The central banks of Austria, Bolivia, Brazil, China, France, Germany, Greece, Hungary, Peru, Poland, Venezuela, and Zimbabwe have all failed to stop hyperinflation.
You're conflating the ability to do something with actually doing that something. Also, what's your point with regards to inflation and fiat currency? That seems tangential to the parent comment.
The conflation is appropriate as the original clam is that fiat currency is backed by trust that the nation won't default. If the nation defaults in both cases, they are equivalent.
> The central banks of Austria, Bolivia, Brazil, China, France, Germany, Greece, Hungary, Peru, Poland, Venezuela, and Zimbabwe have all failed to stop hyperinflation.
Which of those were central banks of nations where debts including both private and public debt were denominated principally in fiat whose monetary policy was controlled by the central bank?
Some of them were pre-fiat (gold standard), and some were dealing with situations were obligations were largely in externally-controlled fiat (e.g., USD.)
Hyperinflation is caused by very limited supply.

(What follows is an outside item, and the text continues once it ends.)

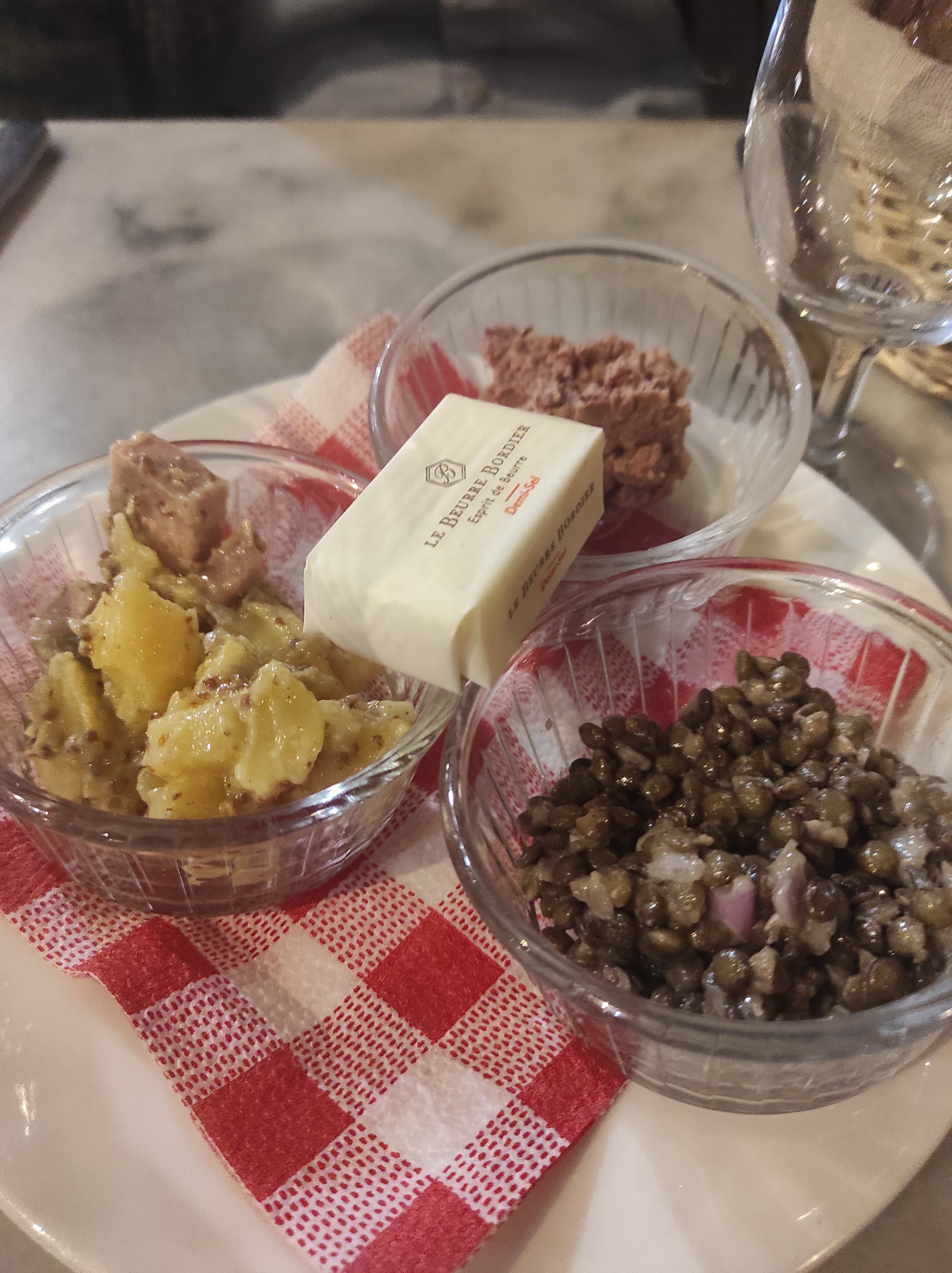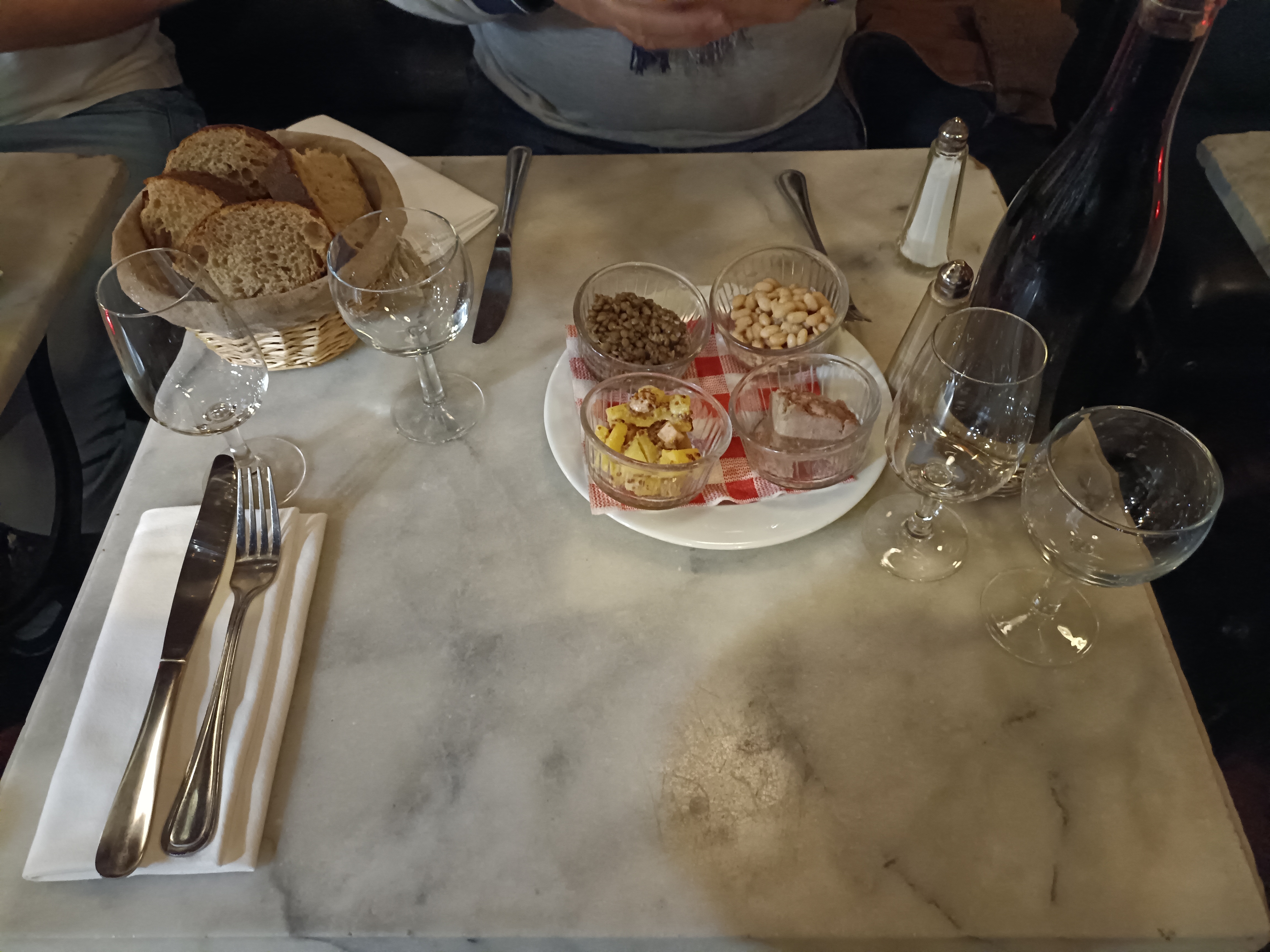 Un repas très agréable. L'occasion était particulière. La retrouvaille d'un ami venu à Lyon pour la journée. J'ai été surpris par la proximité avec nos voisins, un couple. Même table en terrasse sans séparation. Mais on a fait connaissance et plaisanté. Ce ne fut pas gênant.

If there is not enough food around people will give everything for it. It doesn't matter what the currency is and how much you print or not.
What could the central bank of zimbabwe have done to stop inflation? I agree that central banks can almost always stop inflation...as long as they are controlling a reserve currency that actually has international value. Otherwise there is actually very little a central bank can do when your currency isn't used for imports, exports, international trade etc and foreign dollars/euros/RNB are needed to do almost any economical meaningful transaction.
They could have stopped flooding the country with Zimbabwean dollars and hyperinflation would have stopped immediately. Of course, the central bank of Zimbabwe was never independent from the government, but that doesn't change the fact that whoever was in charge of the monetary policy could have stopped hyperinflation at any time, had they wanted to.